Work task:
This task calls for the lines below starting at the one containing "打开同步助手点击【更多功能】,选择【备份还原】,点击【创建备份】。" and ending at the one containing "To paste a section, right-click", repeated exactly with both ends kept and pictures left out.

Top of Records provided

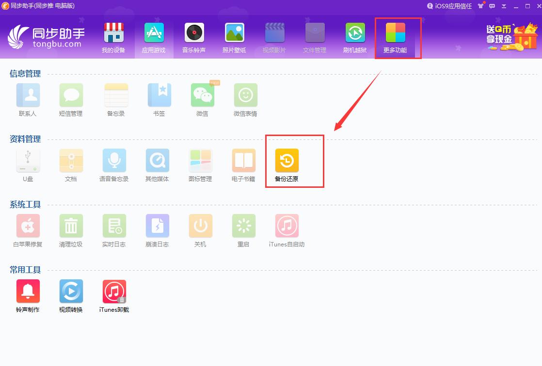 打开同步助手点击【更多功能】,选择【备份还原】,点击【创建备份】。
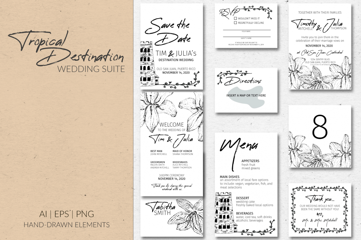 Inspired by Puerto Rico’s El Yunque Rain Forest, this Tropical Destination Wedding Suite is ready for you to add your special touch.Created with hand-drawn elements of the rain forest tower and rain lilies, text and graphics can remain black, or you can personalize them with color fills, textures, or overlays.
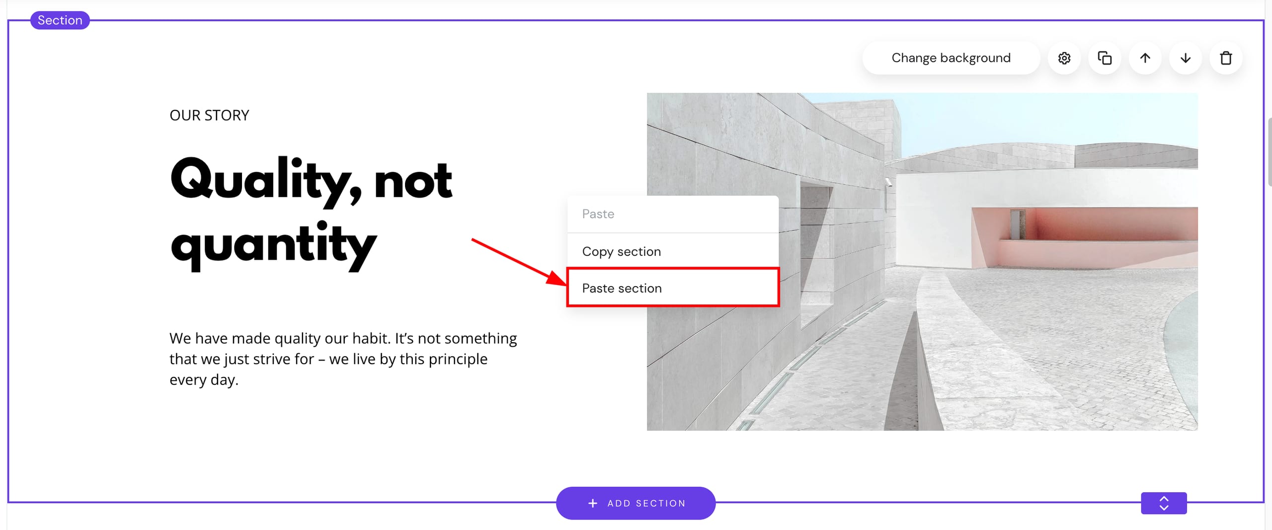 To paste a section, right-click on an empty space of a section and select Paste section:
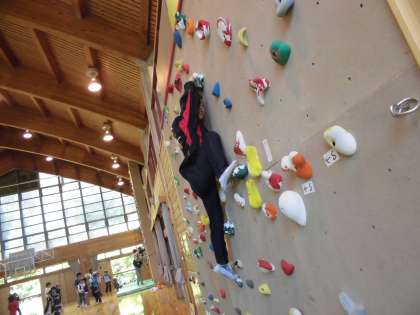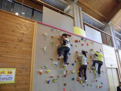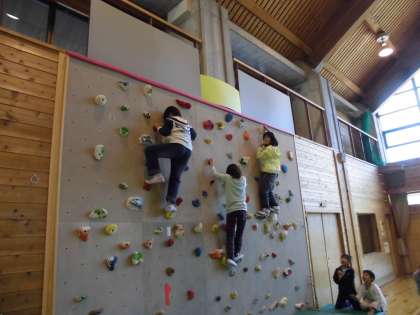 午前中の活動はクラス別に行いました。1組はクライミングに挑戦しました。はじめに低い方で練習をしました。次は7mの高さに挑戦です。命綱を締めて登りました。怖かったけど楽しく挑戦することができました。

Bottom of Records provided
Top of Records provided

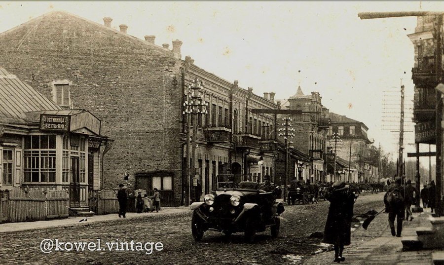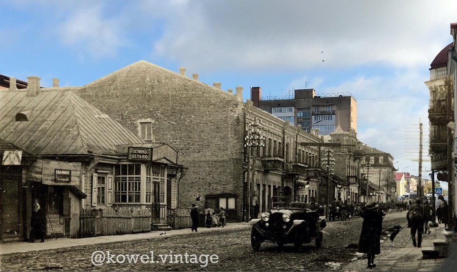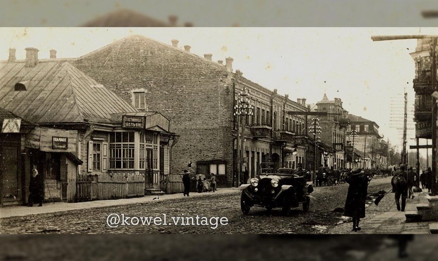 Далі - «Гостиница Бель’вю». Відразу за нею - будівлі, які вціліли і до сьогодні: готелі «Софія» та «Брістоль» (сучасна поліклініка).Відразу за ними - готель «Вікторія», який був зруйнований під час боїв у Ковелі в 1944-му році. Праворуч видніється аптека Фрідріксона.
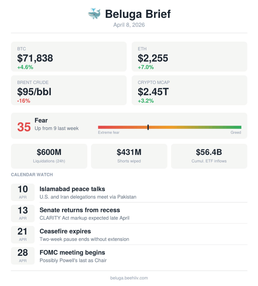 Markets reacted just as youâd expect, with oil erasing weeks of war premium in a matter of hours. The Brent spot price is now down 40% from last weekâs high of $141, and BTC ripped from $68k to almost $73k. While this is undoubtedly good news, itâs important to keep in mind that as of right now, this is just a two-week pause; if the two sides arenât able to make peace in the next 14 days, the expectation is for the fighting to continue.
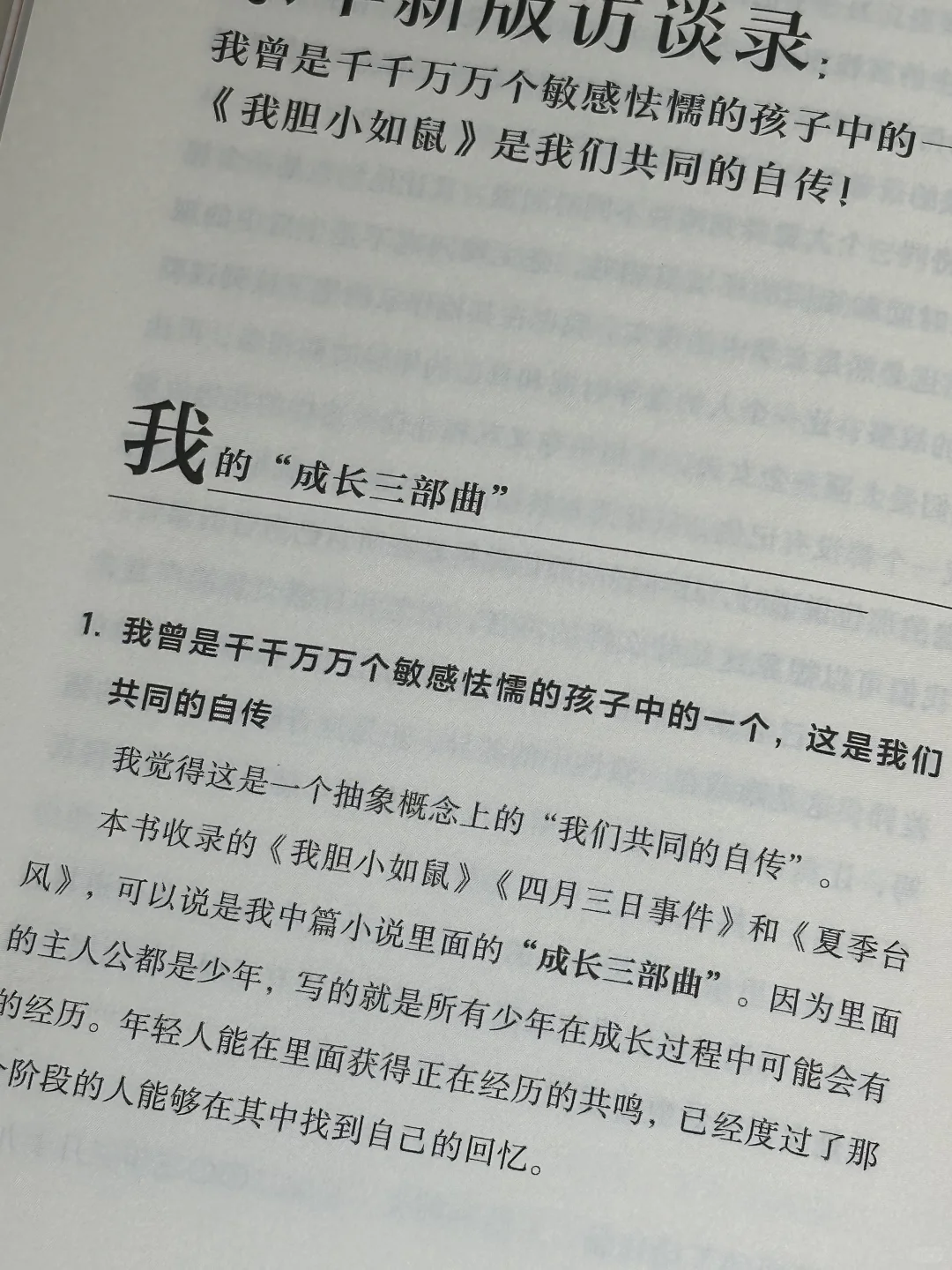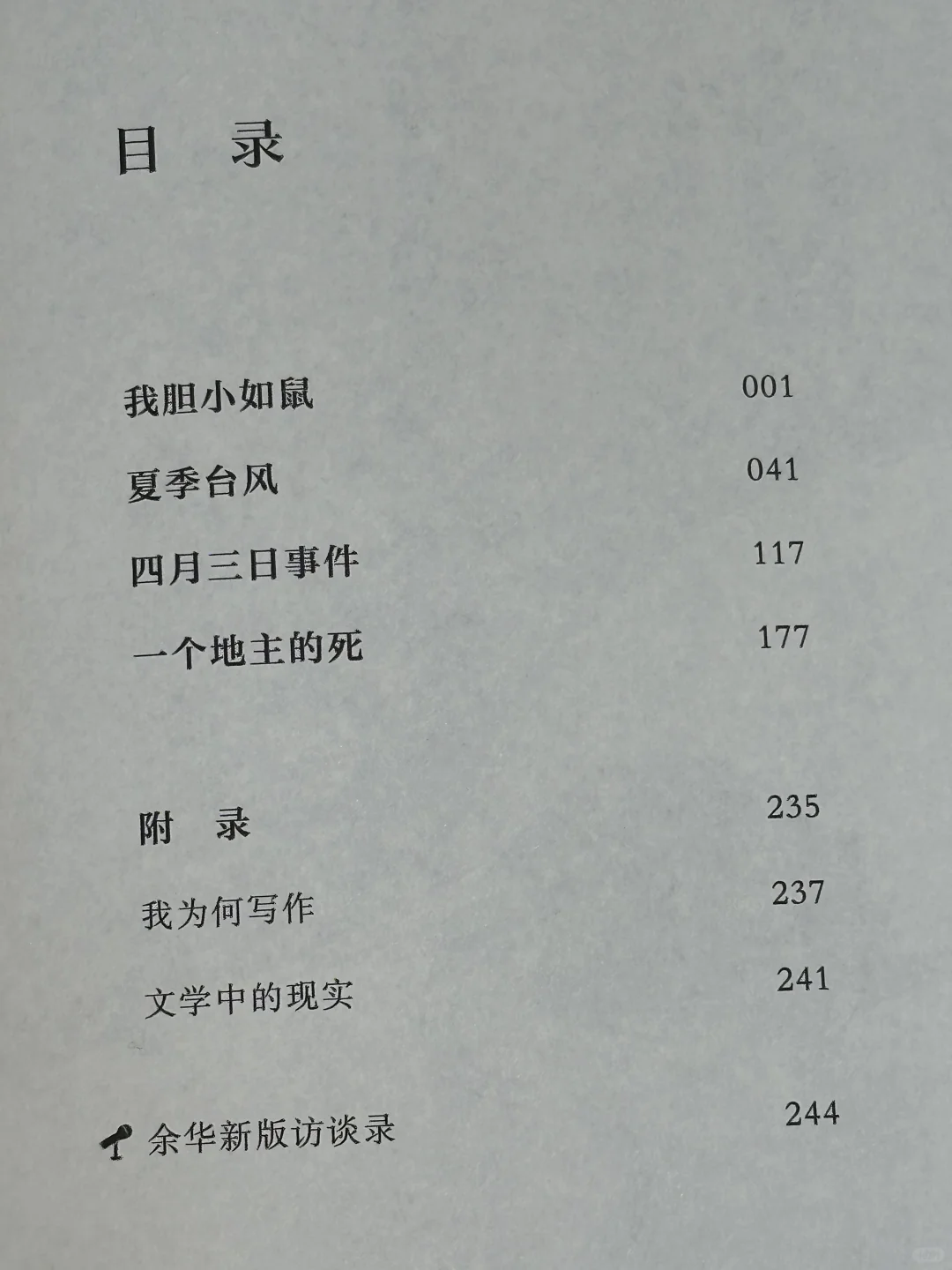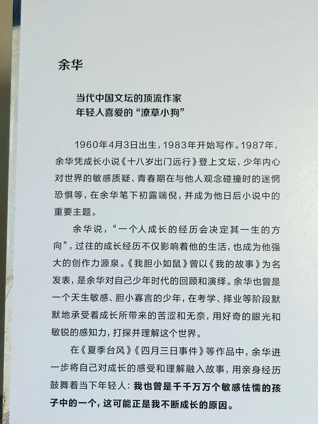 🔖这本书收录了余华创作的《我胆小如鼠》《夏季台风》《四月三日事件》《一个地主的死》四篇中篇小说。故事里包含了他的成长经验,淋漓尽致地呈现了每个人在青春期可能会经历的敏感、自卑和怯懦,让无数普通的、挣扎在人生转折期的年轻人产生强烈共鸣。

Bottom of Records provided

Answer:
 打开同步助手点击【更多功能】,选择【备份还原】,点击【创建备份】。
 Inspired by Puerto Rico’s El Yunque Rain Forest, this Tropical Destination Wedding Suite is ready for you to add your special touch.Created with hand-drawn elements of the rain forest tower and rain lilies, text and graphics can remain black, or you can personalize them with color fills, textures, or overlays.
 To paste a section, right-click on an empty space of a section and select Paste section:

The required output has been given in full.